Regale voller Medizin
Europa hat in den letzten Jahren mehrere Medikamentenknappheiten erlebt. Auch die Schweiz war nicht davor gefeit. © Keystone / Christian Beutler

Die Schweiz verfolgt die Überarbeitung der Regulierungen für Pharmafirmen in Europa genau. Diese entwickelt sich zu einem Showdown zwischen der Industrie, die mehr Innovationsanreize wünscht, und Mitgliedstaaten, die günstigere Medizin möchten.

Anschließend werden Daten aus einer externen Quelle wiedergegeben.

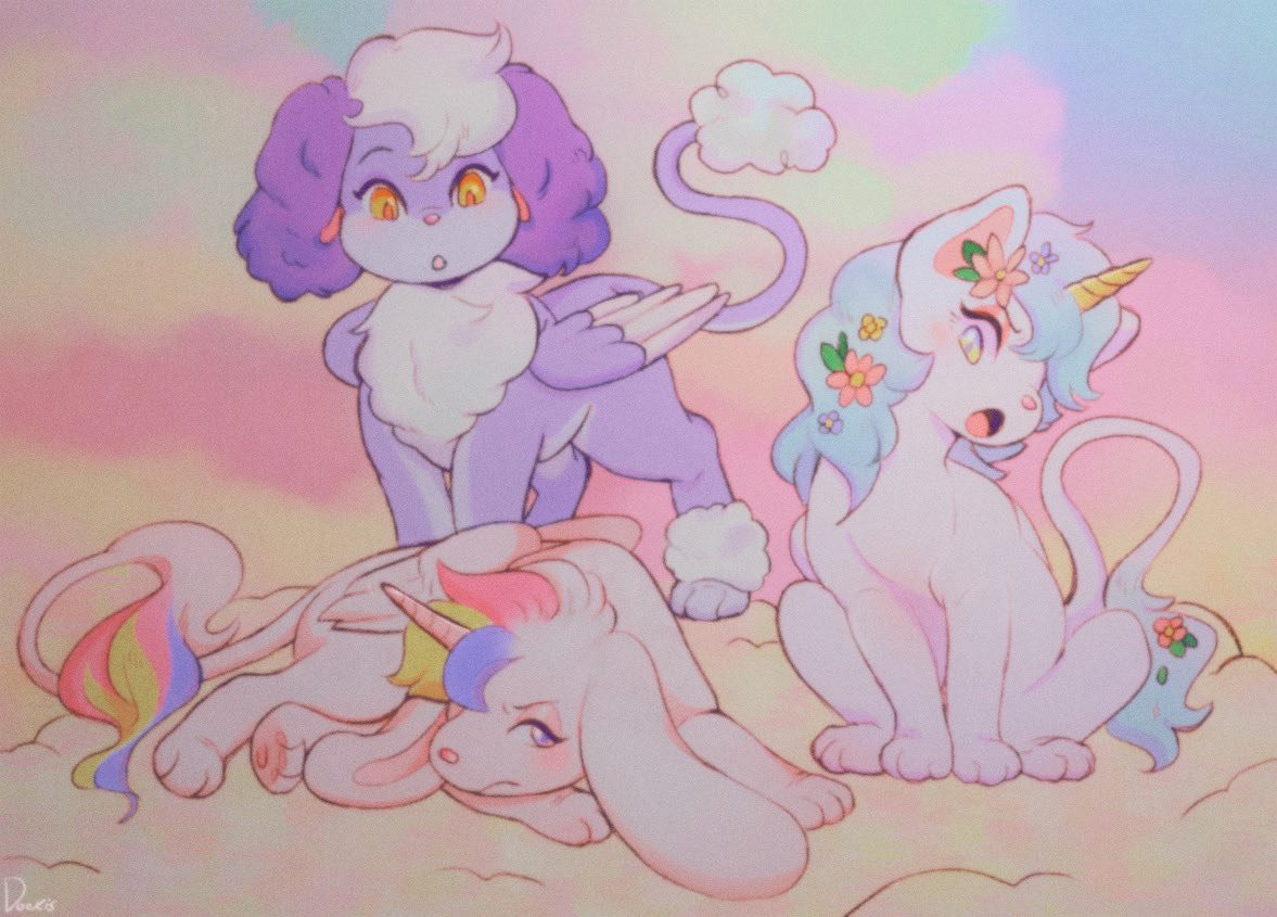 :o animal_focus blue_hair blush cloud colorful commentary creature creature_focus doekis dove_(doekis) english_commentary flower hair_flower hair_ornament horns long_hair lying mane multicolored_hair no_humans open_mouth original purple_eyes purple_fur short_hair signature single_horn sitting tail white_fur wings yellow_eyes yume_kawaii

Die EU-Kommission veröffentlichte ihren lange erwarteten Gesetzesentwurf zur Regulierung von ArzneimittelnExterner Link am 26. April. Die überarbeiteten Regeln sind ein Versuch, die Medikamentenpreise in den Griff zu bekommen, den Zugang zu innovativer Medizin wie Gentherapien zu verbessern und Medikamentenknappheiten, die in den letzten Jahren zugenommen haben, zu verhindern.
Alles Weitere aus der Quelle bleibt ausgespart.